(Records from a collection)
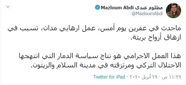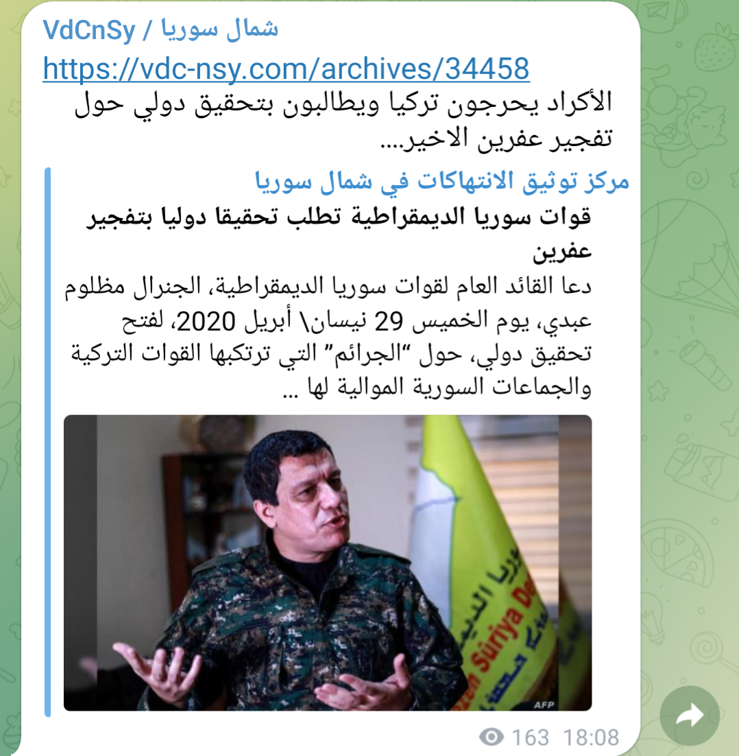 قوات سوريا الديمقراطية تطلب تحقيقا دوليا بتفجير عفرين
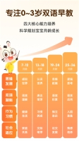3、打造沉浸式双语环境,让宝宝在自然交流中慢慢培养语感,轻松开启中英双语启蒙之旅。
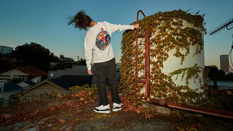 En attendant, le 17 septembre, une belle Air Jordan 3, réinterprétée de manière très simple en noir et blanc, sera disponible. Elle sera accompagnée d’une collection textile qui joue à fond la carte de la nostalgie des années 80 et 90. Nylon et grandes photos sont au menu.
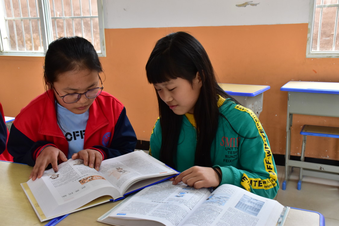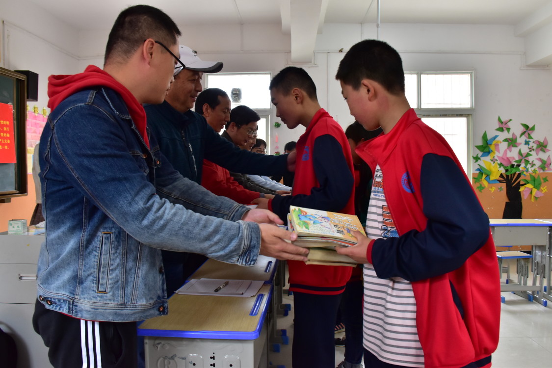 会议结束后,来自母校的老师们向彭家沟小学的孩子们捐赠了图书、玩具,孩子们拿到书后立刻翻阅起来。兴奋之情难以言表,小姐妹们立刻议论起来。
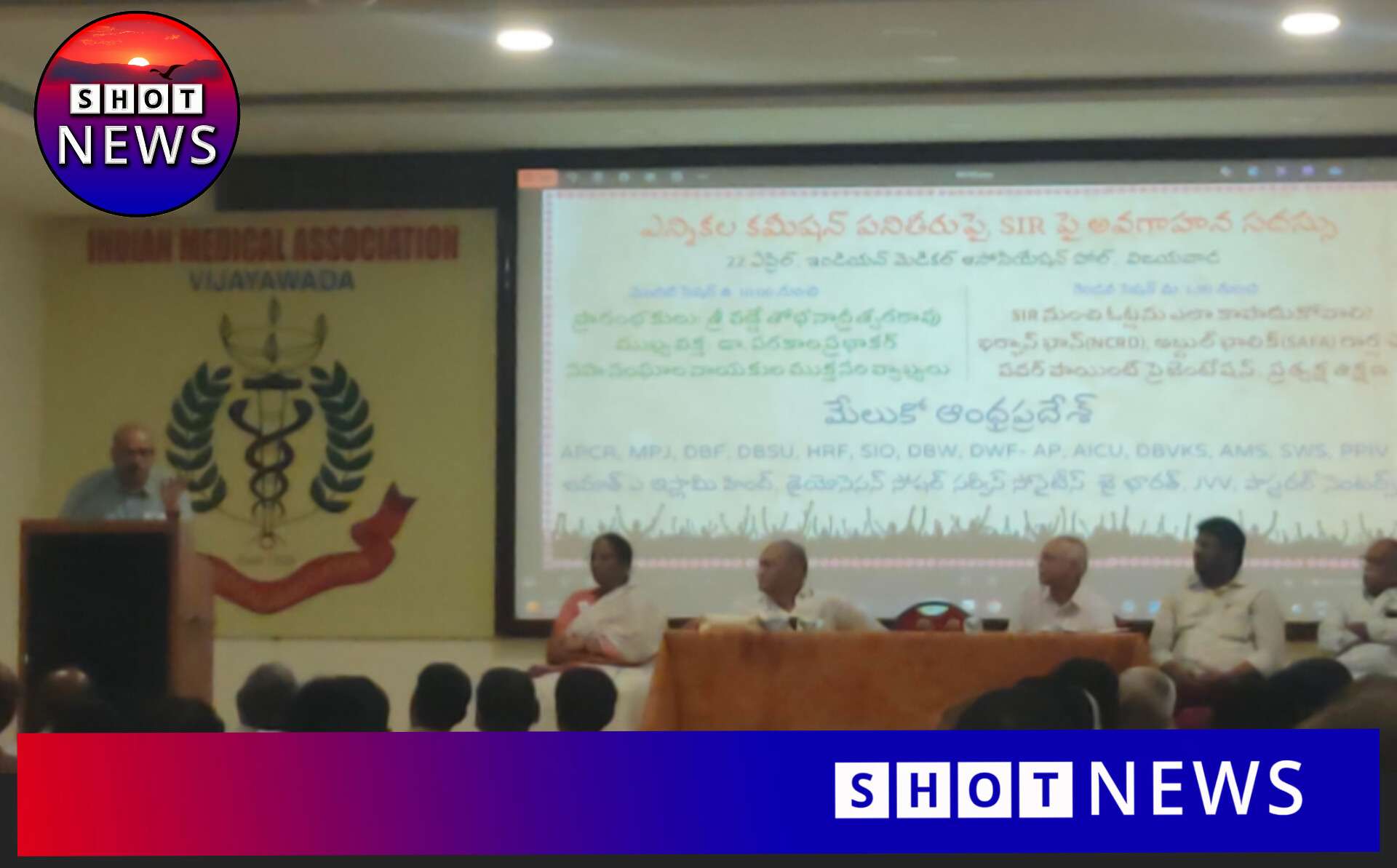 విజయవాడ: మేలుకో ఆంధ్రప్రదేశ్ ఆద్వర్యంలో ఎన్నికల సంఘం పనితీరు, SIR అవగాహన సదస్సును విజయవాడలోని స్వర్ణ ప్యాలెస్ ఎదురుగా ఉన్న ఇండియన్ మెడికల్ అసోసియేషన్ హాలులో నిర్వహించారు.
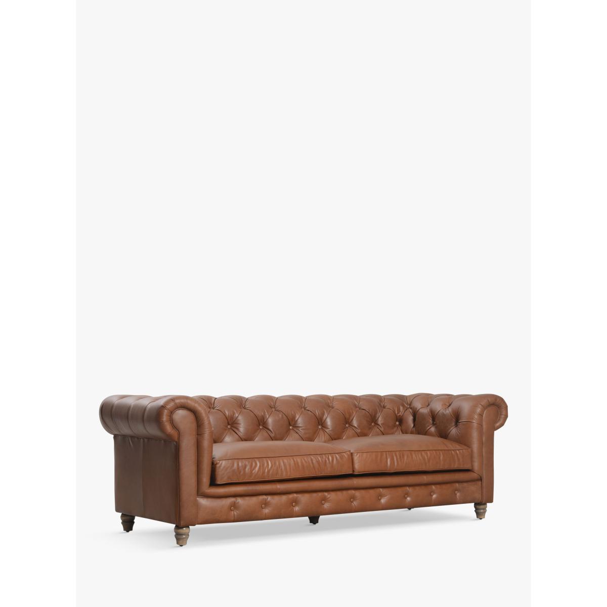 Product Information A beautiful take on the classic Chesterfield, Earle has gently scrolled, wide arms, a dramatic rolled back with button detailing and an extremely comfortable, deep sit. Aniline leather has been dyed to colour and sometimes features a thin, clear protective coating or no coating at all. It has the advantage of showcasing the natural beauty and texture of the leather for a stylishly rustic finish. Please note: not all our ranges are on display in our shops. Dimensions & Specifications 87081180 Access Dimensions - 255cm Assembly Required - Partial assembly required (legs) Brand - Halo Country of Origin - China Cover Type - Fixed Dimensions - H78 x W242 x D97cm Filling Composition - Seat: foam and fibre. Back: fibre Frame Construction - Dowels Frame Material - Birch Height of seat - 44cm Number of Legs - 5 Product Type - Sofas Reclines - NO Removable Cover - NO Removable legs - YES Suspension - Pocket sprung Weight - 86kg --- Delivery Information Delivery within 7 days This product is ready to be sent right away and is usually delivered within 7 days, depending on the postcode. Free UK mainland delivery Delivery to UK mainland locations is free. The evening before your chosen delivery day, we’ll let you know a 2-hour delivery window. Delivering your product Our delivery team will place the product in your chosen room, assemble it and take all packaging away. More about delivery & returns Interest Free Credit Interest free credit 0% APR 12 months Found the perfect sofa? We're offering 0% Interest Free Credit on selected Home products £1,000 and over Spread the cost Pay over 12 months for purchases of £1,000 and over , or 24 months for purchases of £3,000 and over. It's 0% representative APR with no arrangement fees or hidden extras. Interest Free Credit is available to spend from £1,000 to £25,000. Choose Interest Free Credit at checkout. John Lewis PLC, 171 Victoria Street, London SW1. E 5N. N, is a Credit Broker (Register No. 724309) for the purpose of introducing the credit provided by Creation Consumer Finance Limited, Wellington Buildings, 2-4 Wellington Street, Belfast BT1 6H. T (Register No. 311518). Both are authorised and regulated by the Financial Conduct Authority. Credit is available subject to status to UK residents aged 18 or over --- --- ---

• _ACTIVITY_:
Without including a single picture, restate all of the data word for word.

• _RESULT OF THE TASK_:
 قوات سوريا الديمقراطية تطلب تحقيقا دوليا بتفجير عفرين
3、打造沉浸式双语环境,让宝宝在自然交流中慢慢培养语感,轻松开启中英双语启蒙之旅。
 En attendant, le 17 septembre, une belle Air Jordan 3, réinterprétée de manière très simple en noir et blanc, sera disponible. Elle sera accompagnée d’une collection textile qui joue à fond la carte de la nostalgie des années 80 et 90. Nylon et grandes photos sont au menu.
 会议结束后,来自母校的老师们向彭家沟小学的孩子们捐赠了图书、玩具,孩子们拿到书后立刻翻阅起来。兴奋之情难以言表,小姐妹们立刻议论起来。
 విజయవాడ: మేలుకో ఆంధ్రప్రదేశ్ ఆద్వర్యంలో ఎన్నికల సంఘం పనితీరు, SIR అవగాహన సదస్సును విజయవాడలోని స్వర్ణ ప్యాలెస్ ఎదురుగా ఉన్న ఇండియన్ మెడికల్ అసోసియేషన్ హాలులో నిర్వహించారు.
 Product Information A beautiful take on the classic Chesterfield, Earle has gently scrolled, wide arms, a dramatic rolled back with button detailing and an extremely comfortable, deep sit. Aniline leather has been dyed to colour and sometimes features a thin, clear protective coating or no coating at all. It has the advantage of showcasing the natural beauty and texture of the leather for a stylishly rustic finish. Please note: not all our ranges are on display in our shops. Dimensions & Specifications 87081180 Access Dimensions - 255cm Assembly Required - Partial assembly required (legs) Brand - Halo Country of Origin - China Cover Type - Fixed Dimensions - H78 x W242 x D97cm Filling Composition - Seat: foam and fibre. Back: fibre Frame Construction - Dowels Frame Material - Birch Height of seat - 44cm Number of Legs - 5 Product Type - Sofas Reclines - NO Removable Cover - NO Removable legs - YES Suspension - Pocket sprung Weight - 86kg --- Delivery Information Delivery within 7 days This product is ready to be sent right away and is usually delivered within 7 days, depending on the postcode. Free UK mainland delivery Delivery to UK mainland locations is free. The evening before your chosen delivery day, we’ll let you know a 2-hour delivery window. Delivering your product Our delivery team will place the product in your chosen room, assemble it and take all packaging away. More about delivery & returns Interest Free Credit Interest free credit 0% APR 12 months Found the perfect sofa? We're offering 0% Interest Free Credit on selected Home products £1,000 and over Spread the cost Pay over 12 months for purchases of £1,000 and over , or 24 months for purchases of £3,000 and over. It's 0% representative APR with no arrangement fees or hidden extras. Interest Free Credit is available to spend from £1,000 to £25,000. Choose Interest Free Credit at checkout. John Lewis PLC, 171 Victoria Street, London SW1. E 5N. N, is a Credit Broker (Register No. 724309) for the purpose of introducing the credit provided by Creation Consumer Finance Limited, Wellington Buildings, 2-4 Wellington Street, Belfast BT1 6H. T (Register No. 311518). Both are authorised and regulated by the Financial Conduct Authority. Credit is available subject to status to UK residents aged 18 or over --- --- ---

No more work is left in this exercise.